When a Rutgers University scientist predicted a rise in sea level over the next century, Mancini had the answer — beach replenishment.

"If the sea level is rising an inch every 10 years, we can raise our beaches 1 inch every 10 years," he said.

He also had little patience with people who got themselves into a tizzy over winter nor’easters. He described one several years ago as "peanuts."

"These storms we have now, I’m used to them," he said. "We have them constantly. They’re a pain in the neck."

The mayor kept a scrapbook of faded photos in his office in town hall, pictures of the vicious March 1962 three-day nor’easter that killed nine and took 600 homes on Long Beach Island.

"You know why I show these pictures?" he asked me. "To put things in perspective."

But first and foremost, Jim Mancini was a family man. He loved Madeline, his wife of 55 years. He called her "Mad." She called him Jimmy.

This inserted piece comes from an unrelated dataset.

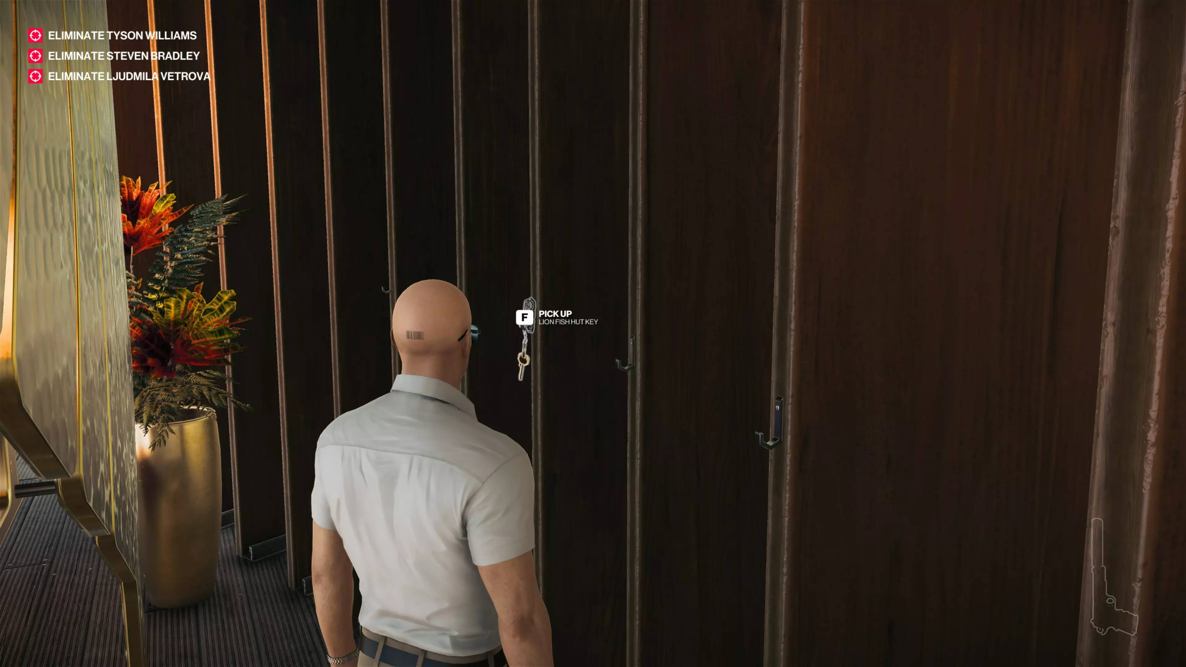 4/4:你需要在海龟小屋击倒杰森·波特曼以获取最终钥匙。他在与柳德米拉结束对话后会独自走进浴室,这是在不被发现的情况下将他制服的最简单方法。

"I think it’s gonna work out," he said once. "We’re getting to know each other. If she behaves, it’ll work out."

Neither came from a large family, but nine children were born during the first 16 years of their marriage.

"When I found out what was causing it, we didn’t have any more," he said with a straight face. "My wife gets real mad when I say that. I always get a big laugh with that."

Bottom line, Jim Mancini loved his life. He loved people.

"I enjoy what I’m doing," he said. "I don’t know what else I would do. I don’t want to do anything else."

Good-bye, Jim.

Patricia A. Miller is a Greater Media Newspapers staff writer.